December 30, 2020
Great Lakes brown trout and steelhead are among the most beautiful, powerful, finicky, and pressured fish in the Midwest. If you are a local angler, you know that standing shoulder to shoulder with someone casting in the same hole is a norm nowadays. Here in the Midwest, we have had one of the toughest seasons in years. Due to low water from lack of rain, and immense crowds pressuring these fish, many anglers have found little success. Even under these conditions, however, I’ve had great success in locating and catching these fish.
The fish are very wary of their surroundings in the clear water. Even a small step in the water can easily spook an entire group of fish holding in a hole. Being as stealthy as possible gives you an edge over most anglers. Downsizing your tackle is a must.
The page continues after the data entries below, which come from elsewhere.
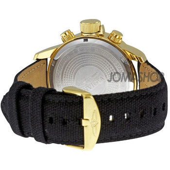 Gold-tone stainless steel case with a black canvas (leather backed) strap. Fixed gold-tone bezel. Blue dial with luminous silver-tone hands and Arabic numeral hour markers. Minute markers. Tachymeter around the outer rim. Dial Type: Analog. Luminescent hands and markers. Date display at 4 o'clock position. Chronograph - three sub-dials displaying: 60 minutes, 60 seconds and 1/10 seconds. Quartz movement. Scratch resistant flame fusion crystal. Screw down crown. Solid case back. Case diameter: 46mm. Case thickness: 12mm. Band width: 21 mm. Tang clasp. Water resistant at 100 meters / 330 feet. Functions: chronograph, date, tachymeter, hour, minute, second. Casual watch style. Invicta Lefty Force Chronograph Men's Watch 1516.
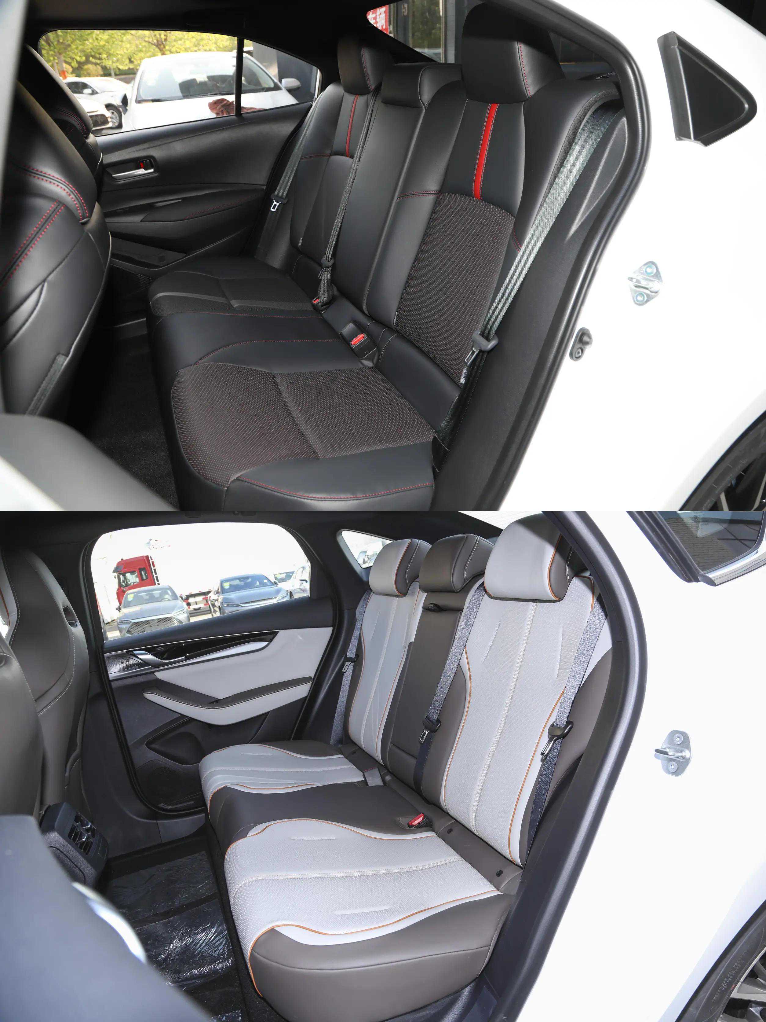新款丰田雷凌的车尾设计的高耸大方,后备厢盖上的描述的比较清晰,尾灯组设计的圆润大方,中间还装饰了亮黑色的饰条,反光灯带是竖状的样式,并且进行了凹陷式的处理,呈现出一定的立体感,后包围装饰了夸张的护板。比亚迪秦PLUSDM-i的车尾设计的沉稳大方,贯穿式的尾灯组进行了熏黑的处理,后包围处理的层次感分明。
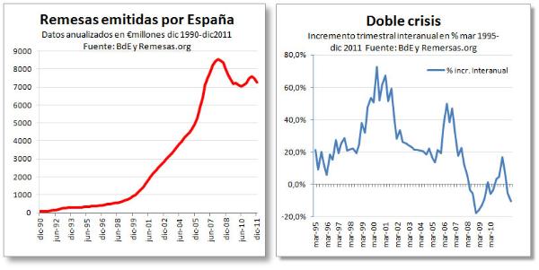 Crecen un 1% en 2011, aunque caen un 10,5% en el cuarto trimestre--Actualizado el 30 MAR 11 Las remesas crecen en 2011, pero inician una nueva crisis Las remesas de España ha cerrado 2011 con su primer incremento anual desde 2008. La cifra anunciada por el Banco de España para 2011 es de 7.267 millones, lo que supone un incremento del 1% frente a los datos de 2010. Este incremento anual se fraguó en los dos primeros trimestres de 2011, dónde se alcanzaron crecimientos interanuales del 17% y del 7%. No obstante, en el tercer trimestre cayeron en un -5,5% mientras que en el cuarto lo hicieron en un -10,5%. Estos datos sugieren que la economía de los inmigrantes en España se ha sumido en una nueva crisis en los dos últimos trimestres del año. En el gráfico se puede observar claramente que estamos ante una doble crisis, cuya segunda fase aún está en el inicio. Esto obliga a ser prudentes de cara a su posible evolución a lo largo de 2012. Mucho más si analizamos los datos de empleo inmigrante, donde todas las series estadísticas están en rojo. Al cierre de Diciembre de 2011 había 1,715 millones de extranjeros dados de alta en la seguridad social, lo que supone una caída del -5,5% frente a la cifra de diciembre de 2010, con 1,762 millones. Los datos de la EPA son aún más negativos arrojando una caída del número de ocupados entre el IV Trimestre de 2011 y el de 2010 del -8,5% con una cifra final de 2,294 millones..
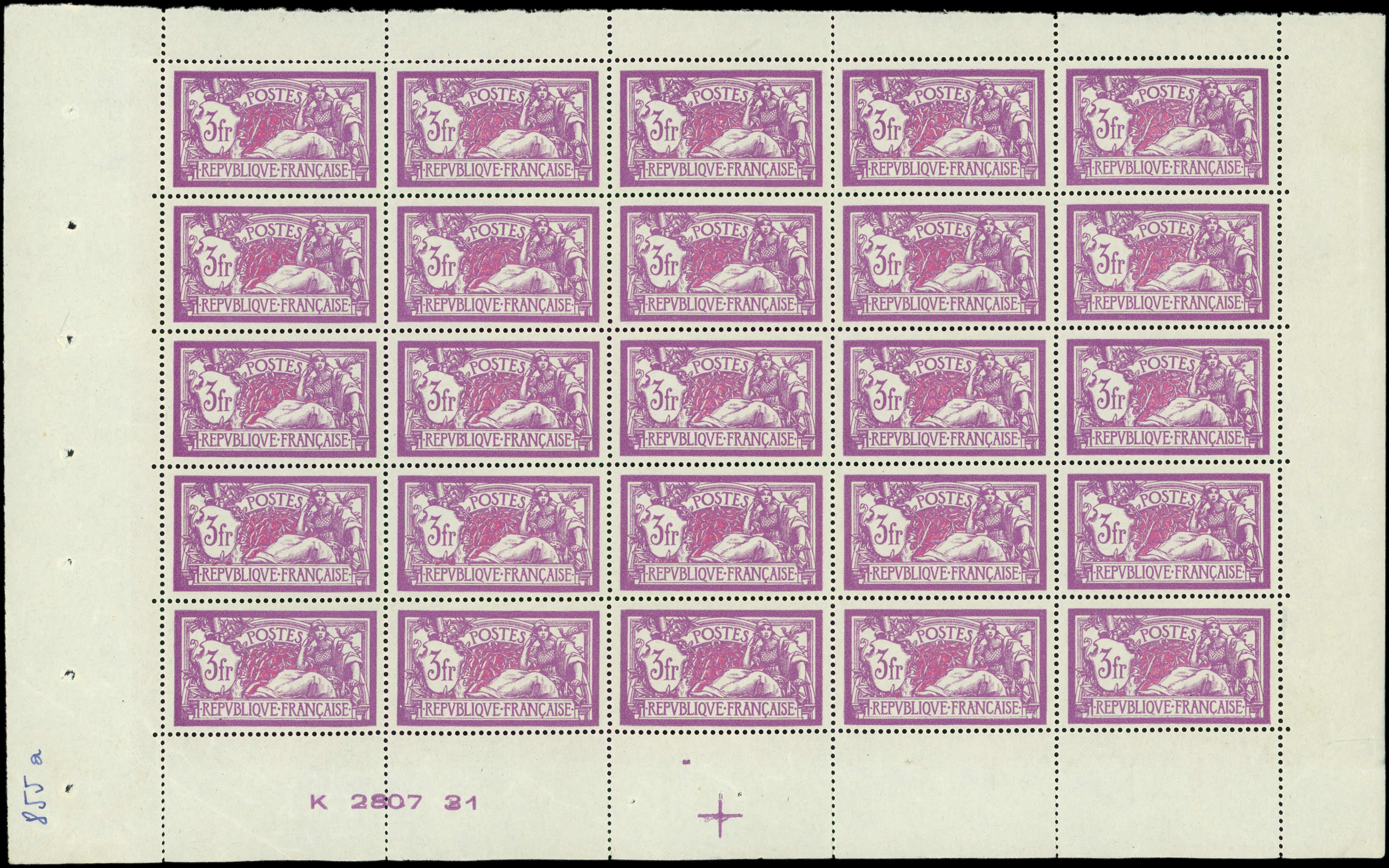 240 Merson, 3f. lilas et carmin, PANNEAU de 25 bas de feuille, TTB

I typically run a 12-pound monofilament mainline with an 8-fluorocarbon leader with a #8 cutting-point hook, but I’ve found greater success with10-pound mainline, 6-pound leader, and #10 cutting-point hooks. This setup makes my bait look as natural as possible when it drifts down the river.
Using the right rod and reel helps improve bait presentation. I recommend a medium-light rod in the 11- to 13-foot range. A longer rod allows you to keep your line off the water and allows the current to swing your bait forward making it look natural. A medium-light powerallows you to use a lighter line and the rod’s cushion helps prevent the line from breaking when fighting fish. A baitcasting or centerpin reel provides for long smooth drifts without having to falter with your presentation. Great Lakes trout bring a whole new meaning to “standing out from the crowd.” One of the most popular and effective baits for these fish is a spawn bag (salmon/trout eggs tied in colorful netting). Nowadays, you can pick up a dozen spawn bags at almost any tackle shop. In pressured situations, I like to tie dime-sized bag—the smaller the better. Another great way to make your bags stand out is what I like to call “clown bags.” Simply take any colored netting and place pieces of a different colored netting in with the eggs which creates a multi-colored spawn bag—great for clear, murky, and pressured situations. A simple bead can imitate a single trout egg drifting down the river. This is a perfect technique when anglers are mostly using spawn. My favorite beads sizes for situations like these are 6 and 8 mm. I like orange, pink, chartreuse, and yellow beads.
Stepping away from your comfort zone is the best advice I can give when fishing these tributaries. Whether that's exploring new water and getting away from crowds or experimenting with new techniques, not only will it make you a better angler but will help you in understanding how these magnificent fish behave.